▶ **Aim of the task**
After locating the line that holds "Gio+ sneakers with", repeat it and each following line exactly until the material ends, skipping pictures.

▶ **Dataset excerpt**
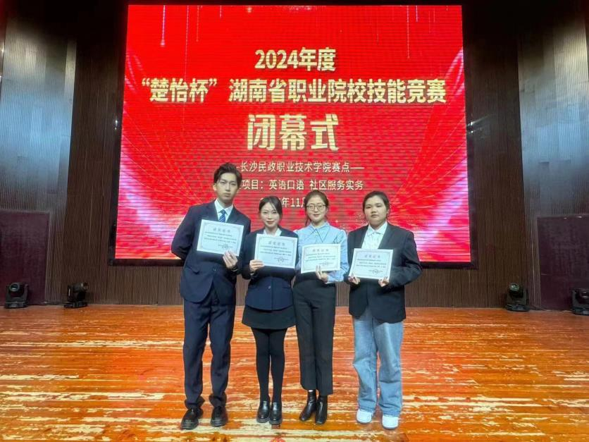 11月26日,2024年度“楚怡杯”湖南省职业院校技能竞赛“英语口语”赛项在长沙民政职业技术学院圆满落幕。经过激烈角逐,我校彭静如老师与李元昊同学、蒋露露老师与刘君同学在竞赛项中均荣获三等奖。
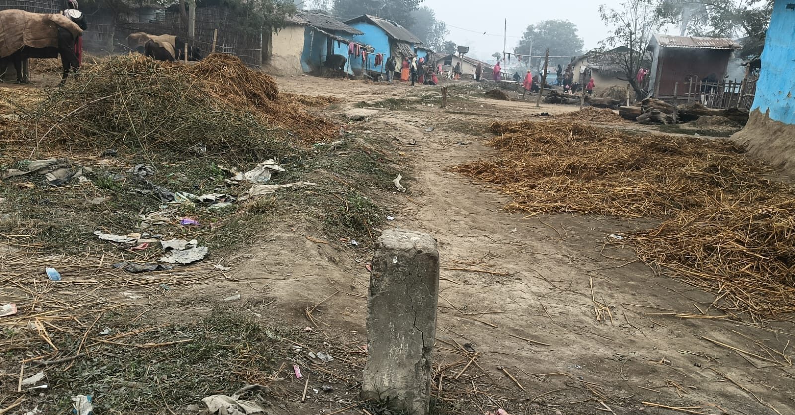 नेपाल-भारत सीमा स्तम्भ र पृष्ठभूमिमा मुसहर बस्ती
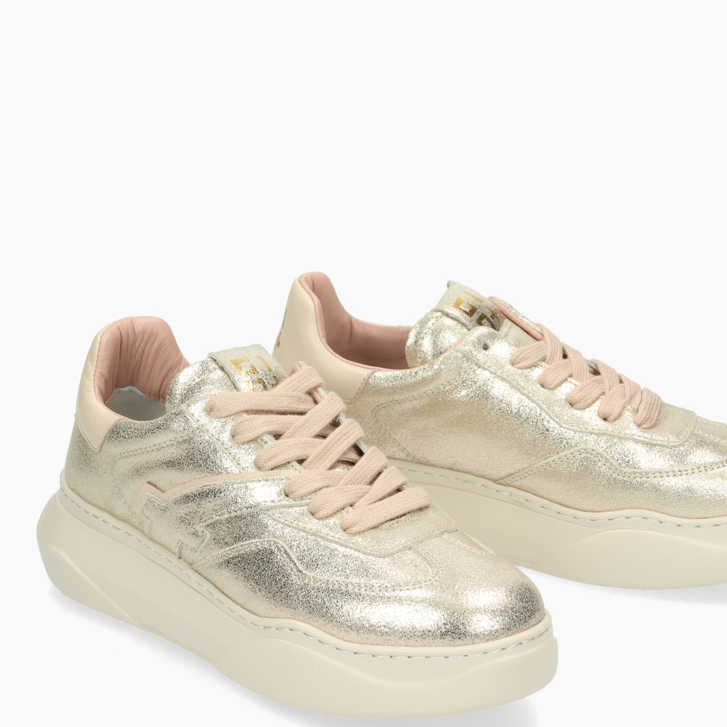 Gio+ sneakers with gold-tone laminated leather upper. Powder pink cotton laces. Beige leather heel tab with logo. Leather and fabric lining with removable insole. 4 cm rubber sole. Women's Gio+ collection.
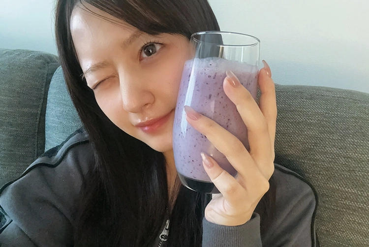 「毎朝スムージーを飲んでいます。ヨーグルト、低脂肪ミルク、バナナ、ブルーベリー、蜂蜜を入れてミックス。おいしくて、お腹にたまるので1日の始まりに幸せを感じています♡」

▶ **Exercise answer**
 Gio+ sneakers with gold-tone laminated leather upper. Powder pink cotton laces. Beige leather heel tab with logo. Leather and fabric lining with removable insole. 4 cm rubber sole. Women's Gio+ collection.
 「毎朝スムージーを飲んでいます。ヨーグルト、低脂肪ミルク、バナナ、ブルーベリー、蜂蜜を入れてミックス。おいしくて、お腹にたまるので1日の始まりに幸せを感じています♡」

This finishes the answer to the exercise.